## Information shown
----

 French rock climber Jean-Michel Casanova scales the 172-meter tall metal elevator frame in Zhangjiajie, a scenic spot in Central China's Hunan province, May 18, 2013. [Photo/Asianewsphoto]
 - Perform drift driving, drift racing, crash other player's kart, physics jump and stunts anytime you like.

----

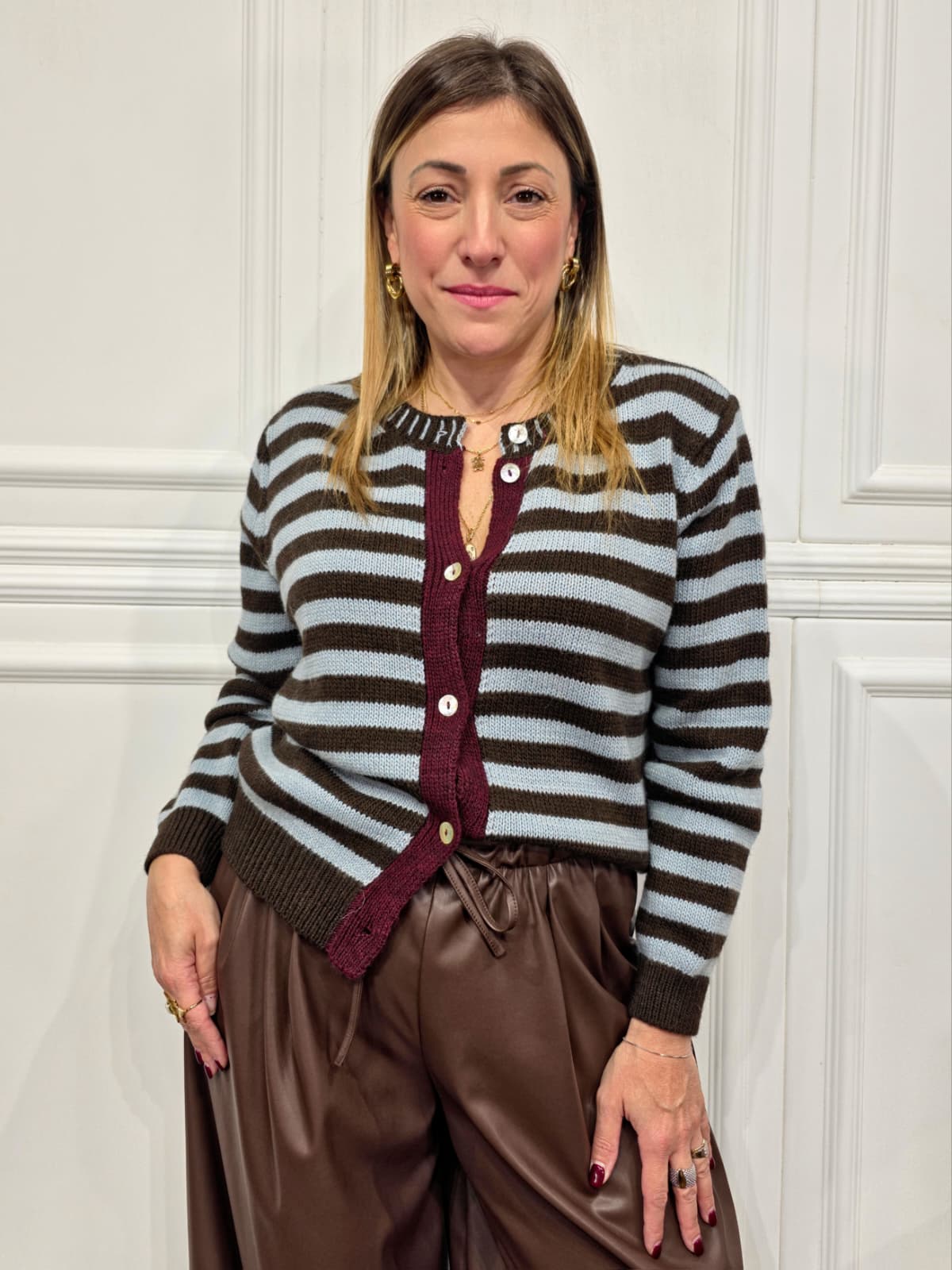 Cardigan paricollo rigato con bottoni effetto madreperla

----

## Work instructions
Take the listing above and repeat exactly the lines from the one containing "French rock climber" through the one containing "- Perform drift", both included.

## Exercise answer
 French rock climber Jean-Michel Casanova scales the 172-meter tall metal elevator frame in Zhangjiajie, a scenic spot in Central China's Hunan province, May 18, 2013. [Photo/Asianewsphoto]
 - Perform drift driving, drift racing, crash other player's kart, physics jump and stunts anytime you like.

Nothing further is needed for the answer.